Das glaube ich nicht. Die ganze Konsumgüterbranche funktioniert auf diese Weise. Auch die Lebensmittelindustrie kommt ohne Marketing nicht aus. Oder denken Sie an Parfüm. Wo wir uns aber unterscheiden: Wir machen Marketing für ein langlebiges Produkt, das über Generationen bleibt. Schauen Sie umgekehrt auf die Modebranche: Jeder Schweizer wirft im Durchschnitt 70 Kilogramm Kleider pro Jahr weg! Die Kleiderindustrie trägt mehr zum Co2-Ausstoss bei als die Fliegerei! Ich will nicht zu stark moralisieren, aber ich habe das Gefühl, dass wir mit unserem Marketing den Konsumenten vor Augen führen, dass es mehr als nur Wegwerfartikel gibt. Ich hoffe, dass dies als gutes Beispiel erkannt wird. Schauen Sie meinen Kittel an: Der ist mehr als 10 Jahre alt und erfüllt seinen Zweck immer noch tadellos, meine Schuhe ebenfalls. Das sind Produkte, die mich durchs Leben begleiten. Wenn wir als Konsumenten solche Dinge erkennen, sind wir als Gesellschaft weiter.
Wer viel investiert wie Ihre Firma, braucht entweder eine gut gefüllte Kasse oder aber einen starken Investor im Rücken.

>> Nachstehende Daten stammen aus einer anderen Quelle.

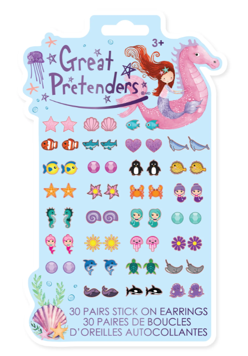 30 pairs of stick-on earrings! A different pair every day of the month. Achieve the pierced ear look without having your ears pierced with these amazing underwater-themed earrings.
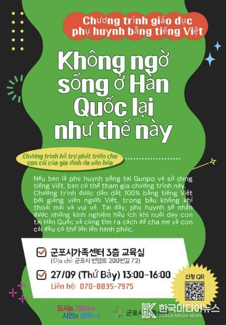 군포시가족센터 관계자는 “이번 부모교육은 베트남 부모님들이 모국어로 자녀 양육의 고민을 나누고, 존중하는 양육 방법을 함께 모색할 수 있다는 점에서 의미가 크다”며 “앞으로도 다양한 문화적 배경을 고려한 맞춤형 부모교육을 확대해 나갈 것”이라고 전했다.
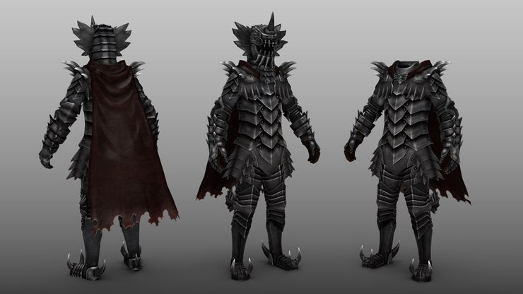 Сапоги, кираса, перчатки и шлем создаются в разделе стального. Плащ (отделенная от брони версия) создается в разделе разного.
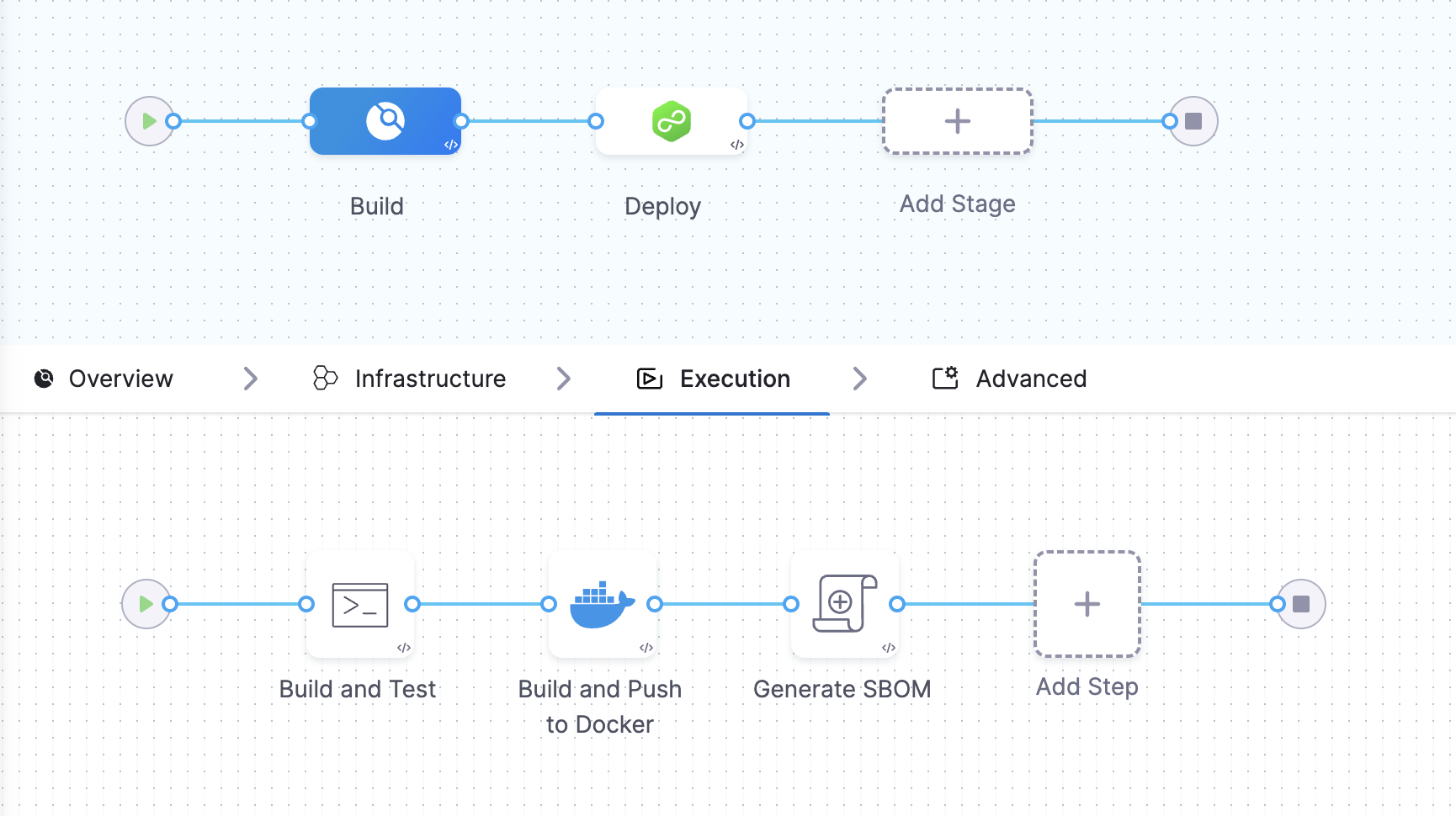 • In a Build stage, add the SBOM Orchestration step after the artifact (image) has been pushed to an artifact repository.

Wir als unabhängiger Uhrenproduzent sind komplett eigenfinanziert, wir haben keinen einzigen Franken von einer Bank. Unser Wachstum kommt aus uns selber. Oris ist schlank aufgestellt, wir stemmen mit relativ wenigen Angestellten sehr viel und setzen unsere Mittel fürs Marketing so ein, dass man uns wahrnimmt. Offensichtlich gelingt uns das gut. Wäre Ihnen Oris durchs Jahr hindurch nicht aufgefallen, würden Sie nun nicht hier sitzen und sich für uns interessieren.
Sie betonen die Herkunft Waldenburgertal stark. Andere Firmen haben das weniger getan - und sind weggezogen. Ist das ein Problem für Sie, dass der Wirtschaftsstandort schwächer geworden ist?

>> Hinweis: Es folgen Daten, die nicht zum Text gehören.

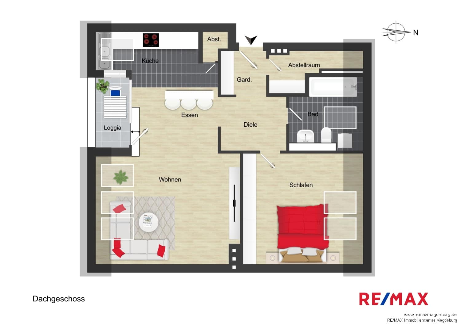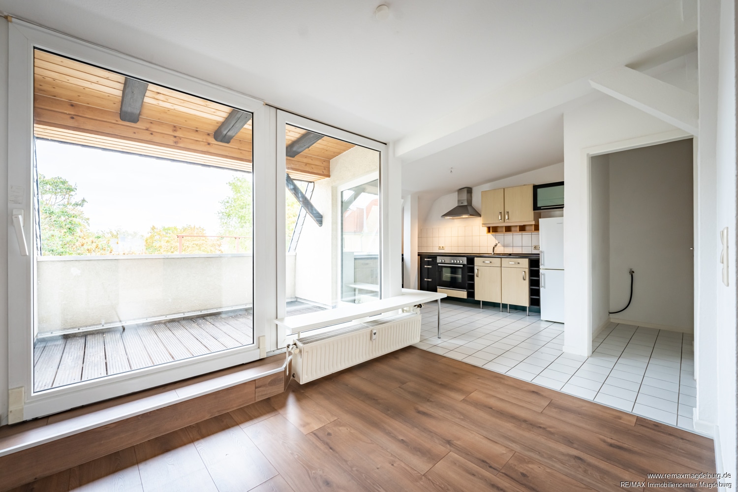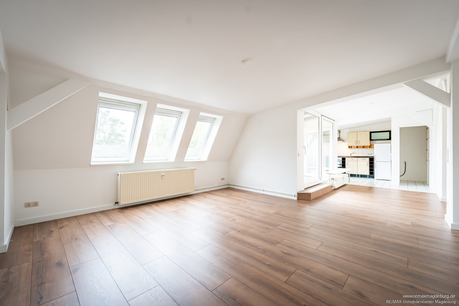 Das Herzstück der Wohnung ist das großzügige, lichtdurchflutete Wohnzimmer mit direktem Zugang zur Loggia. Diese lädt nicht nur zum Entspannen ein, sondern erweitert den Wohnraum ins Freie und verleiht der Wohnung, die im Hinterhaus liegt, eine besondere Qualität. Dank der Lage im Dachgeschoss eines gepflegten Mehrfamilienhauses genießen Sie hier Ruhe und Privatsphäre – mitten in einem der lebendigsten und zugleich grünsten Stadtteile Magdeburgs.

Wir kommen von hier und bleiben hier, das ist eine Tatsache. Unsere Herkunft gibt uns Charakter und Persönlichkeit – vielleicht sogar noch mehr, wenn das Umfeld nicht ganz einfach ist. Natürlich kommen heute nicht mehr alle Mitarbeiter aus der unmittelbaren Umgebung, doch das ist kein Problem. Wenn man eine Marke von ihren Wurzeln trennt, macht sie das kaputt. Das tun wir nicht. Unsere Seele ist hier.
Höhen und Tiefen
tho. Rolf Studer (47) ist seit dem Jahr 2016 Co-CEO der Hölsteiner Oris. Er stammt aus dem Kanton Luzern und ist «gelernter» Jurist. Bevor er zu Oris wechselte, arbeitete er für Coca-Cola Schweiz.

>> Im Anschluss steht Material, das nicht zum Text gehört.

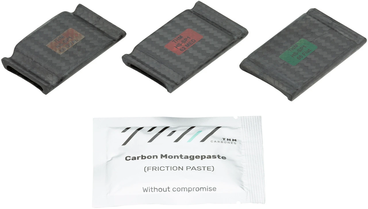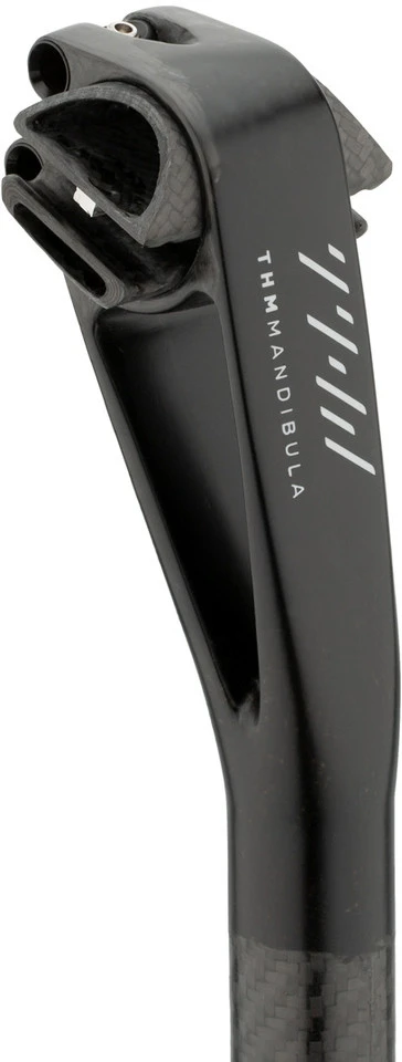 Die THM-Carbones Mandibula Sattelstütze, das Ergebnis zweijähriger Entwicklungsarbeit, ist eine sehr leichte und sehr komfortable Carbon Sattelstütze, die sich in zwei Bereiche gliedert: die Komfort-Zone und die Power-Zone. Letztere ist eine supersteife, leichte Struktur, die kaum flext, egal wie weit sie aus dem Rahmen ragt. Die Komfort-Zone bietet Dir das richtige Maß an Bequemlichkeit und nicht zu viel davon. Damit löst THM das Problem herkömmlicher komfortabler Sattelstützen, dass sie nämlich immer flexibler werden, je weiter sie aus dem Sattelrohr herausschauen – was insbesondere größere und schwerere Fahrer stört.
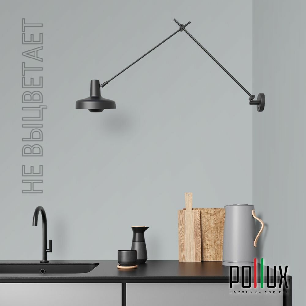 Краска моющаяся интерьерная для стен и потолков, Pollux INTERIOR без запаха, быстросохнущая, акриловая, матовое покрытие, цвет NCS S 7020-B, 1л.
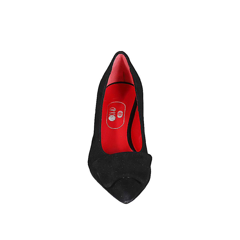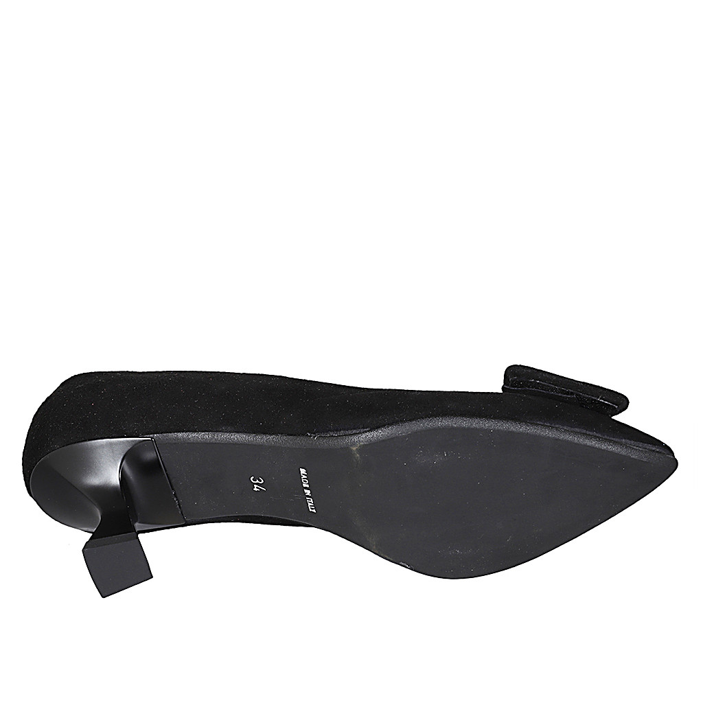 Woman's pointy pump in black suede with accessory and spool heel 6
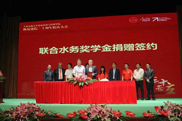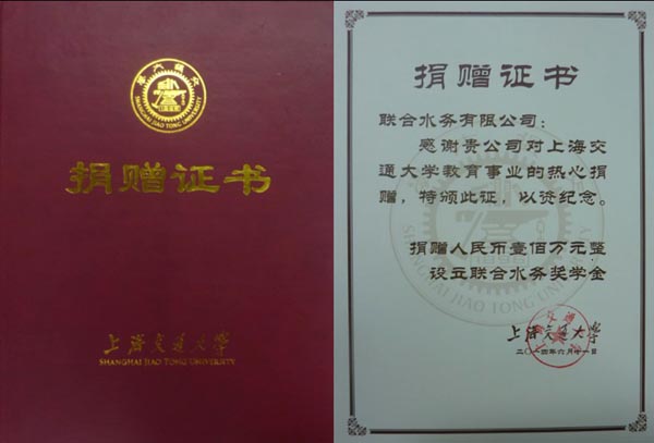 2014年6月11日上午,上海交通大學安泰經濟與管理學院恢復建院三十周年院慶大會期間,聯合水務集團董事長兼總裁俞偉景先生與上海交通大學副校長張安勝先生簽署捐贈協議,聯合水務集團捐贈壹百萬元設立“上海交通大學聯合水務獎學金”。張校長代表上海交通大學向俞偉景總裁頒發捐贈證書。出席簽約儀式的嘉賓有:上海交通大學前黨委書記馬德秀女士、安泰經濟與管理學院院長周林先生、黨委書記余明陽先生、上海交大教育發展基金會秘書長馬磊先生等;聯合水務集團副總裁劉猛先生、副總裁陳樵先生、人力資源行政總監楊麗霞女士等。

Oris hat heute rund 150 verschiedene Uhrenmodelle im Angebot. Umsatzzahlen gibt das Haus nicht bekannt, ebenso werden keine Angaben über die verkauften Stückzahlen gemacht. In Hölstein und der Schweiz arbeiten etwas weniger als 100 Angestellte, weltweit sind es gegen 200 Mitarbeiter.
Oris hat Höhen und Tiefen erlebt. Ende der 1960er-Jahre produzierte der Uhrenhersteller aus dem Waldenburgertal mit seinen 800 Mitarbeitern jährlich 1,2 Millionen Exemplare an diversen Standorten und zählte laut «Wikipedia» zu den 10 grössten Uhrenherstellern der Welt. Dann folgte die «Quarzkrise». 1970 wurde Oris verkauft; die Firma beschäftigte anschliessend kaum noch Mitarbeiter und die Aussenstandorte wurden geschlossen. Der damalige Geschäftsführer Rolf Portmann und Marketingleiter Ulrich W. Herzog übernahmen 1982 Reste des Unternehmens im Rahmen eines Management-Buyout. Die Oris AG ist seither einer der ganz wenigen unabhängigen Uhrenhersteller der Schweiz. Produziert werden ausschliesslich mechanische Uhren im mittleren Preissegment.